On the Crawlers web page, select Run crawler.

After the crawler finishes crawling the MongoDB collections, its standing exhibits as Accomplished.

Evaluate the MongoDB AWS Glue database and desk

We will navigate to the AWS Glue Information Catalog to look at the tables that had been created by the crawler.

Select the desk to view the schema and different metadata.

Word that the crawler captured nested information as a STRUCT and accurately listed the ARRAY fields.

Import MongoDB Atlas information to Amazon S3

Now we use the MongoDB Atlas-based AWS Glue Information Catalog desk to carry out an information import with out writing code. We use AWS Glue Studio to construct boilerplate code shortly. Alternatively, you may construct the script in script editor.

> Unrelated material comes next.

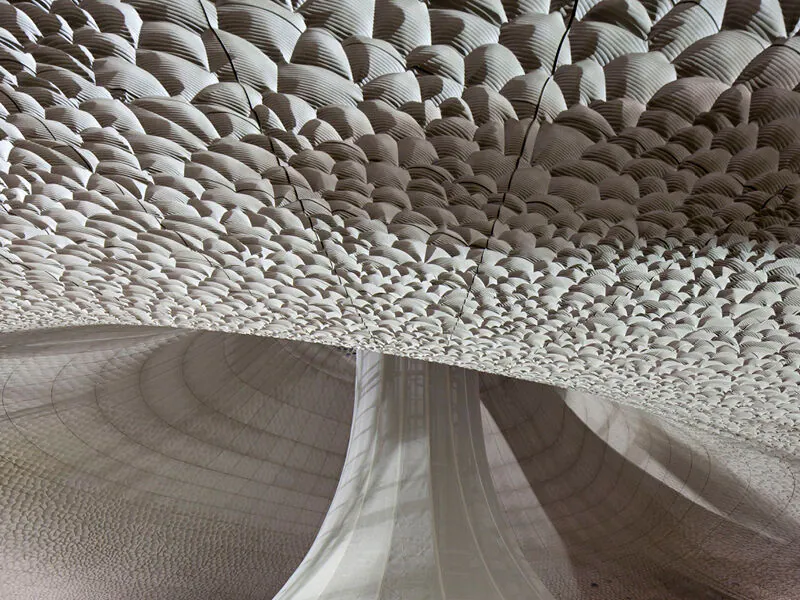 Subsequently macros were created to machine both sides of the glued plaster fibre panels. The routing depth of the surface structure, consisting of almost 1,000,000 irregular cavities, ranged from 5 mm to 90 mm. 30,520 CNC programs with 352,000,000 characters were needed for the almost 1.5 million linear metres of routing. Over 1000 diamond cutters were used in 5000 sharpening cycles.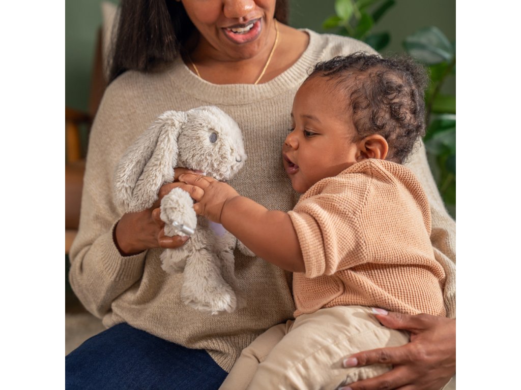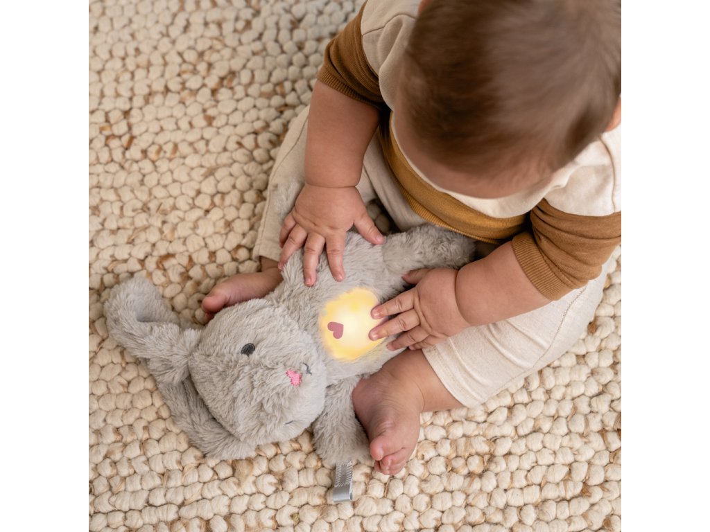Ismerje meg Sylvi nyuszit – egy kedves és kíváncsi barátot, aki minden baba szívét elnyeri! Napfényes természete feldobja a mindennapokat, és rengeteg "szuperképességet" kínál, amelyet gyermeke felfedezhet – beleértve a szívdobogását is. Sylvi közvetlenül reagál a baba igényeire. Ha sír, lejátszik egyet a 10 megnyugtató dallam közül, és vidám kuncogással lep meg. Mozgás után a „fülei” 2 percre aktiválódnak, és figyelik, hogy a babának szüksége van-e vigasztalásra. Ha igen, Sylvi elindít egy 7 perces altatódalt. Puha hasa 5 különböző színben világít, és reagál a gyengéd nyomásra. Minél több időt tölt a baba Sylvivel, annál inkább rájön, milyen hűséges és érzékeny barát. Születéstől fogva alkalmas. Tökéletes ajándék babaváró bulira, születésnapra vagy karácsonyra.

On the AWS Glue Studio console, select Jobs within the navigation pane.
Select Create job.
Choose Visible with a supply and goal.
Select the Information Catalog desk because the supply and Amazon S3 because the goal.

Within the AWS Glue Studio UI, provide extra parameters such because the S3 bucket title and select the database and desk from the drop-down menus.

Subsequent, evaluation the generated script that’s constructed by AWS Glue Studio. We now want so as to add a database and assortment within the script as follows:

additional_options = {"database": "sample_airbnb","assortment": "listingsAndReviews"},

When the ETL job is full, the extracted information is out there on Amazon S3.

On the Amazon S3 console, select Buckets within the navigation pane.
Select our bucket and folder containing the extracted information.
Select a file and on the Actions menu, select Question with S3 Choose to view the contents of the file.

Clear up

To keep away from incurring costs for the providers used on this walkthrough, full the next steps to delete your assets:

On the AWS Glue console, select Crawlers within the navigation pane.
Choose your crawler and on the Motion menu, select Delete crawler.
On the AWS Glue Studio console, select View jobs.
Choose the job you created and on the Actions menu, select Delete job(s).
Return to the AWS Glue console and select Tables within the navigation pane.
Choose your desk and select Delete.
Select Databases within the navigation pane.
Choose your database and select Delete.
On the Amazon VPC console, select Endpoints within the navigation pane.
Choose the PrivateLink endpoint you created and on the Actions menu, select Delete VPC endpoints.

Conclusion

On this publish, we confirmed tips on how to arrange an AWS Glue crawler to crawl over a MongoDB Atlas assortment, gathering metadata and creating desk information within the AWS Glue Information Catalog. With the Information Catalog desk, we created an ETL course of utilizing the AWS Glue Studio UI to extract information from the MongoDB Atlas assortment to an S3 bucket with out writing a single line of code.

You may do that your self by configuring an AWS Glue crawler, creating an AWS Glue ETL job with AWS Glue Studio, and launching MongoDB Atlas from a QuickStart or from MongoDB Atlas on AWS Market.

Particular because of everybody who contributed to this crawler characteristic launch: Julio Montes de Oca, Mita Gavade, and Alex Prazma.

In regards to the authors

Igor Alekseev is a Senior Associate Resolution Architect at AWS in Information and Analytics area. In his function Igor is working with strategic companions serving to them construct complicated, AWS-optimized architectures. Prior becoming a member of AWS, as a Information/Resolution Architect he applied many tasks in Huge Information area, together with a number of information lakes in Hadoop ecosystem. As a Information Engineer he was concerned in making use of AI/ML to fraud detection and workplace automation.

Sandeep Adwankar is a Senior Technical Product Supervisor at AWS. Primarily based within the California Bay Space, he works with clients across the globe to translate enterprise and technical necessities into merchandise that allow clients to enhance how they handle, safe, and entry information.